Post-Incident Drug Testing Policies in the Age of Cannabis

September 2018

Article by: Mike Hamata

What do low speed collisions, marijuana, and post-incident drug testing have in common? Those are the facts that were before the Alberta Court of Queen’s Bench in Canadian Energy Workers’ Association v ATCO Electric Ltd, 2018 ABQB 258.

In that case, the Court upheld an arbitrator’s award which had found that ATCO’s decision to drug test two employees following a low speed collision at a remote worksite was reasonable.

The decision is interesting in its treatment of post-incident drug testing. ATCO Electric stands for the proposition that requiring an employee to submit to drug testing after an incident continues to be justified where:

(a) the incident is significant, or is a near miss that could have been significant;
(b) the employer asks the employee for an explanation before requiring a drug test; and
(c) there is some basis for the employer to need to rule out impairment as a cause of the incident (the “Weyerhaeuser Criteria”).

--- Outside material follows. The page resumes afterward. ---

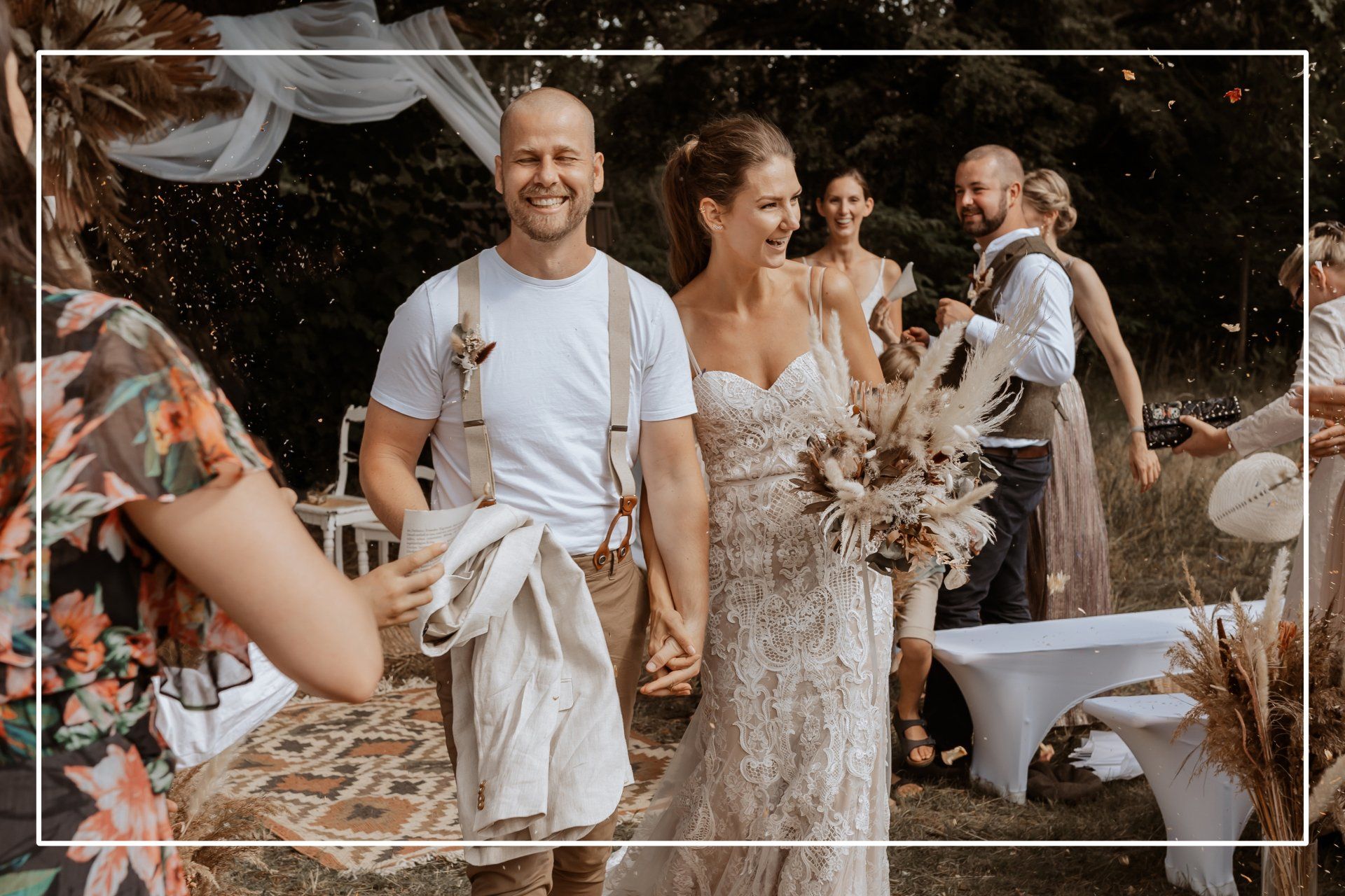 Wild-romantisch auf einer Wiese unter einer beeindruckenden Linde gaben sich Davina und Tobias das Ja-Wort. Wunderschöne Trockengestecke und viel andere detailreiche Deko haben es zu einem wundervollen Ort zum „JA -sagen“ gemacht.

In the ATCO Electric case, the first grievor was backing up a very large machine called a Nodwell, when he struck a truck being operated by the second grievor. The collision happened at low speed, and caused about $1,000 in damage. Neither grievor was hurt. After the incident was reported, ATCO decided to drug test both grievors, one of whom tested positive for marijuana. That grievor participated in a drug treatment program and upon completion was returned to work. The Union grieved the drug test requirement.

By the time the issue came before the Court, neither party seriously disputed that (a) the incident could have been significant, or (b) the employer had asked the employee for an explanation. ATCO’s policy was also no longer in dispute. Instead, the Court focused on the third Weyerhaeuser Criteria, i.e. whether there was a sufficient link between the incident and potential impairment to justify requiring a drug test.

Before the Court of Queen’s Bench, both ATCO and the Union attacked the original arbitration panel’s finding for the third Weyerhaeuser Criteria: that testing was justified because ATCO had determined that the incident was caused by “poor judgement”, but also because the grievors had recently received relevant safety training which they did not follow, and because the Nodwell had recently been involved in a similar safety incident.

Importantly, the Court rejected the Union’s argument that ATCO needed evidence that the employee was impaired before conducting a post-incident drug test. Post-incident drug testing and reasonable cause drug testing remain distinct concepts.

The Court also rejected ATCO’s argument that poor judgment alone always justifies post-incident drug testing – something more is required (in this case, the recent training and recent Nodwell accident were that “something more”).

Lessons for Employers

As the Court noted, the “…balancing of an employer’s interest in safety with employees’ privacy rights in their bodily integrity is a nuanced and very fact specific exercise.” The case highlights the following key takeaways for employers:

  1. The law that applies to drug and alcohol testing has evolved significantly over the last five years, and it continues to evolve. Review your drug and alcohol policies and ensure that your policies reflect those changes.
  2. Not every “incident” justifies a post-incident drug test. Employers should be familiar with the law, their own policies, and the relevant circumstances before making a reasoned decision to test an employee for impairment after a workplace incident.